N.S. shooting victim Joey Webber was ‘always happy-go-lucky’

Joey Webber, one of the victims of Nova Scotia’s mass shootings, is remembered as a hard-working father who was always ready to lend a helping hand with a smile.

Darren Bezanson, a neighbour and longtime family friend of Webber’s in Wyses Corner, N.S., about 50 kilometres north of Halifax, watched him grow up and recalls seeing him always playing outside the family home with his sister.

Webber later moved into that childhood home on Old Guysborough Road with his partner, Shanda MacLeod, and their daughters, now aged six and one.

All of Bezanson’s memories of Webber, who was in his late 30s, involve him with a smile on his face, since he can’t remember a time he ever saw him angry or upset.

Webber was outgoing and a great neighbour, who would come and help no matter what you needed, and never looked for anything in return.

Joey Webber stands beside his stock car in 2005 after a race at Scotia Speedworld near Enfield, N.S. (Scotia Speedworld Memories/Facebook)

Like his dad before him, Bezanson said Webber was a woodsman. He grew up around horses, since Webber’s father ran a forestry business using horses, and also machines, for logging in the woods around their community.

A GoFundMe set up by his partner’s family said Webber had been recently out of work due to Northern Pulp’s closure affecting many in forestry, but had started back to work just a couple days before he died.

Bezanson said Webber’s partner has taken their daughters to her mother’s house for now so the homestead is sitting empty. Webber’s 14-year-old daughter from a previous relationship lives just across the street with his sister.

Bezanson’s last memory of Webber was about five weeks ago, when his daughters and partner had found Bezanson’s missing wallet along the road.

Webber came out his front door just as always, with his big rubber boots on, a cigarette in his mouth and smiling, Bezanson said.

“We stood there and we talked and laughed and that.
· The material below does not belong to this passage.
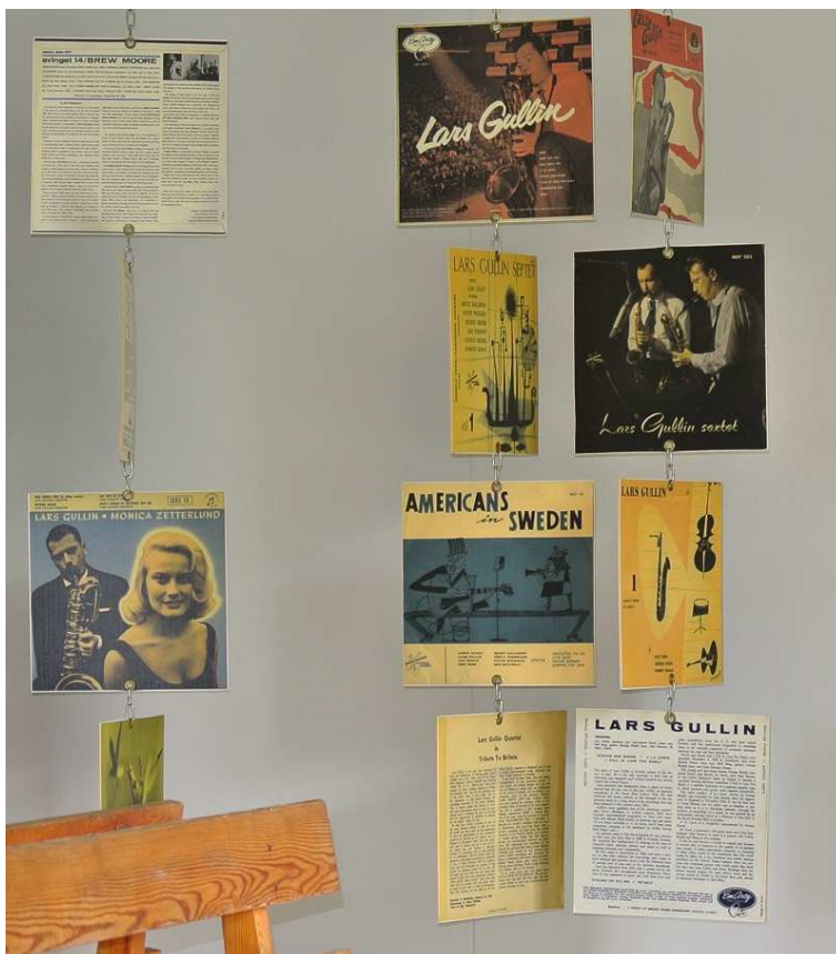
Een blik in het Museum Lars Gullin.

https://www.youtube.com/watch?v=IGU5wbXIhX0

And you know, that’s my last memory of him and it’s a happy one. All my memories with Joey, and his whole family, is happy. But I’m glad that, you know, I got to see him.”

Bezanson said that on Sunday morning, Webber heard there was an active shooter situation around Portapique, N.S., and wanted to get an errand out of the way.

‘Always happy-go-lucky’

He told his family he was headed to get furnace oil at the Milford gas station “before that crazy guy” came closer and started shooting people.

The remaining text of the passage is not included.